Los plásticos emiten un olor que atrae a las aves marinas
Cuando el plástico se rompe y se descompone produce olores químicos que las aves marinas confunden con los alimentos.
Los restos de plásticos marinos a menudo emiten un olor que muchas aves marinas asocian con los alimentos, de acuerdo con una nueva investigación que ayuda a explicar por qué las aves se sienten atraídas por los residuos de plástico y los comen.
Resolver el problema, descrito en la revista Science Advances, debería ser una prioridad de conservación porque las consecuencias de que las aves marinas consumen plástico pueden ser debilitantes en el mejor de los casos y mortales en el peor de los casos.
"La desnutrición a veces lleva a la inanición, el bloqueo intestinal y ocasionalmente la perforación" son sólo algunos de los problemas de salud que pueden ocurrir, dijo el autor principal Matthew Savoca, que realizó el estudio como estudiante graduado en el laboratorio de UC Davis con el profesor Gabrielle Nevitt.

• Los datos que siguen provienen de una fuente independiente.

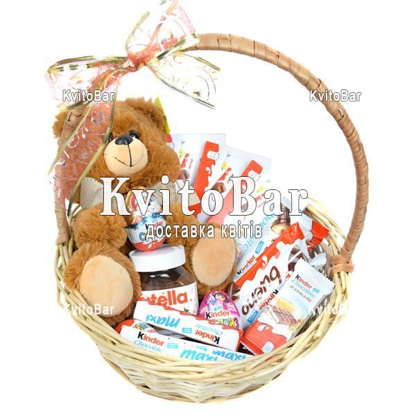 Kinder Сюрприз 3 шт., батончик Kinder Bueno чи інший батончик, батончики Kinder Chocolate MAXI чи інші шоколадні батончики - 2 шт., батончик Kinder Country чи інший шоколадний батончик, батончики Kinder Chocolate - 24 шт., шоколадна паста Nutella 180-200 г чи інша, м'яка іграшка ведмедик коричневий 20-30 см (може відрізнятись від зображеного на фото)
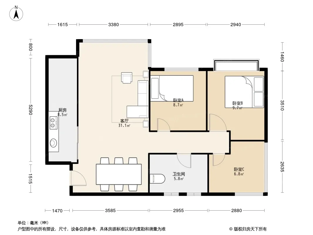 *获取完整户型报告,同时会有免费语音讲解服务
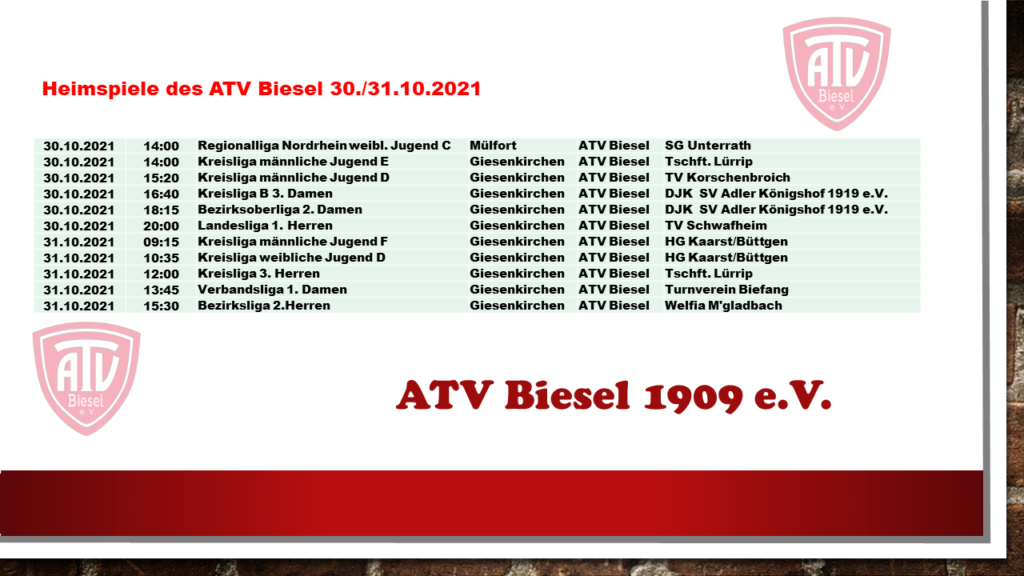Alle Spiele des ATV Biesel 30./31.10. ATVBiesel 29. Oktober 2021 Allgemein teilen teilen teilen teilen merken teilen teilen teilen teilen Beitrags-Navigation Zurück Vorheriger Beitrag: Heute Jahreshauptversammlung des ATV !Weiter Nächster Beitrag: Aktuelle Corona-Situation

"Se ha demostrado que la toxicidad química de las cosas en o sobre los plásticos se bioacumula en la cadena alimenticia", dijo. Algunos delfines, por ejemplo, se sabe que consumen aves marinas. Si su presa consumía plástico, entonces los productos químicos pasaban al delfín, también.

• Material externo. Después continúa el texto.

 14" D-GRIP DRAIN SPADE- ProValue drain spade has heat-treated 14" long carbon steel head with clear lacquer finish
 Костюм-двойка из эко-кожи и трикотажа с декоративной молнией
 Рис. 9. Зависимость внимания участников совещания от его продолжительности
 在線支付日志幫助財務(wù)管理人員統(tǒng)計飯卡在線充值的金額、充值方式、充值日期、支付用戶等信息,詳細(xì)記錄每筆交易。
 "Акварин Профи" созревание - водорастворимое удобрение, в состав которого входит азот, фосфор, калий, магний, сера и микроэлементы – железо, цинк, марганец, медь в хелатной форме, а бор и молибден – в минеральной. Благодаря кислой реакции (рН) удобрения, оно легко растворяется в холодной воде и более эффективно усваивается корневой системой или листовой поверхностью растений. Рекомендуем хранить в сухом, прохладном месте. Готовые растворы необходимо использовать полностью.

La nueva investigación se basó en estudios previos realizados por Nevitt, quienes en los años 90s y 2000 identificaron compuestos a los que atraía a las aves marinas cuando se alimentaban. Uno de ellos es un compuesto de azufre llamado sulfuro de dimetilo, o DMS. Es lanzado por las algas marinas, y sirve como una llamada a las aves.
Savoca hizo esta analogía: "Si tienes hambre y oyes una campana de cena, no vienes corriendo porque quieres comer la campana de la cena, vienes corriendo porque la campana de la cena indica cuándo y dónde tendrás una alta probabilidad de encontrar comida”.

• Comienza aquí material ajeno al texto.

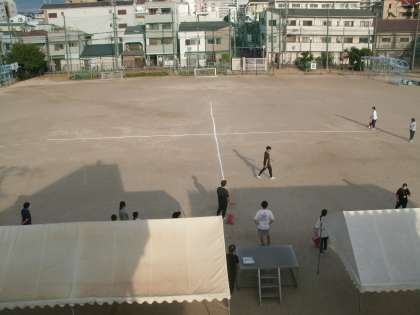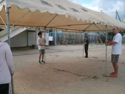 運動会の練習は、これから校庭での練習が増えてきます。休憩時間には日陰に入れるようにするためのテント設置です。たくさん汗をかきますので、充分な水分を持たせて登校させてください。
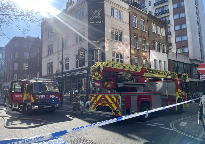 Firefighters at the scene of the blaze at So Shell in Fitzrovia [LFB]
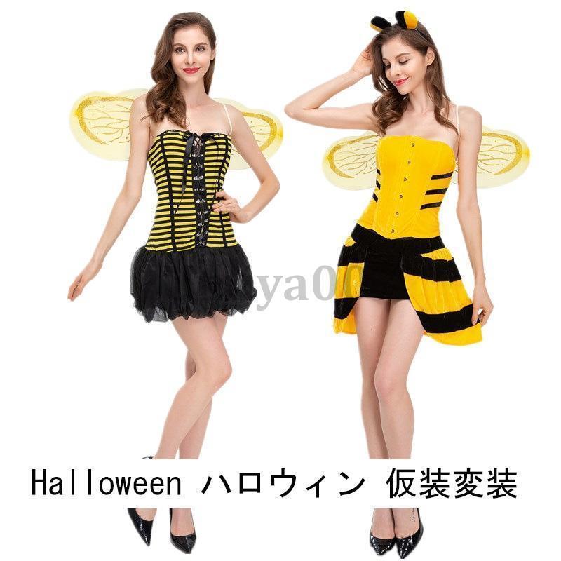 只今底値!ハロウィン 蜜蜂 妖精 コスプレ ハチ コスチューム みつばち 仮装 コスチューム 衣装 bee ミツバチ 蜂 ビー 虫 羽 イエロー レディース 大人 翼付き
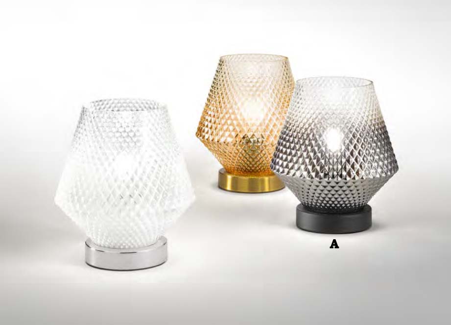 Lampada da tavolo (A) Perenz con montatura in metallo colore nero opaco e vetro lavorato fumé specchiato sfumato, dotata di interruttore sul cavo rivestito in tessuto colore nero, attacco E27 da 60 Watt max, dimensioni massime cm 20x20x23h.
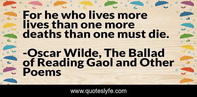 "Oscar Wilde, The Ballad of Reading Gaol and Other Poems Quotes." Quoteslyfe.com, 2025. Fri. 05 Dec. 2025. <https://www.quoteslyfe.com/quote/For-he-who-lives-more-lives-than-21080>.
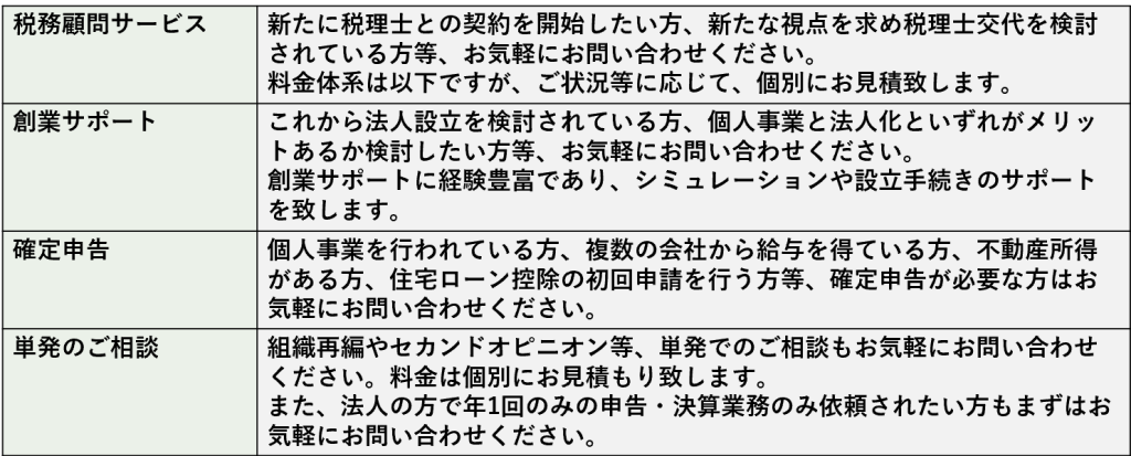 当事務所では、以下のような税務サービスを提供しておりますが、下記以外の事項についてもお気軽にお問い合わせください。

Él y su equipo descubrieron que los restos de plásticos en los océanos y otros cuerpos de agua tienden a acumular algas, que recubre la basura. Allí las algas producen, concentran y liberan DMS.
DMS también se libera cuando las algas son comidas por animales como el krill, que es una de las comidas favoritas de las aves marinas. El plástico de las algas no emite el olor de los alimentos, sino que el olor huele a los alimentos que se comen, lo que atrae a los pájaros.
Sorprendentemente, la idea de que las aves marinas tienen un sentido del olfato es bastante reciente, que se remonta a mediados del siglo XX. Ahora sabemos que no sólo pueden olfatear los olores, sino también que muchos - como petreles y albatros - poseen sentidos excepcionales de olfato.
"Las aves marinas necesitan un buen sentido del olfato porque se alimentan en vastas extensiones del mar abierto en fuentes de alimentos que son muy irregulares en la naturaleza", dijo Savoca. En otras palabras, están buscando una aguja en un pajar.
El plástico puede emitir todo, o la mayoría, de las señales que tales aves han evolucionado para usar en la detección de alimentos. Incluso el color y la reflexión del plástico podrían imitar más a estas señales, haciendo que la basura sea aún más atractiva para las aves marinas hambrientas. Algunas especies de peces, incluyendo tiburones, ballenas y tortugas marinas también usan DMS como una señal de forrajeo, haciéndolos vulnerables a la ingesta de plásticos.
Resolver el problema no será fácil. Los investigadores creen que los esfuerzos de monitoreo y conservación deben centrarse más en las aves y la vida marina amenazadas por los restos de plásticos. También esperan que el plástico se pueda fabricar de manera diferente, por lo que las algas crecerán en él menos fácilmente.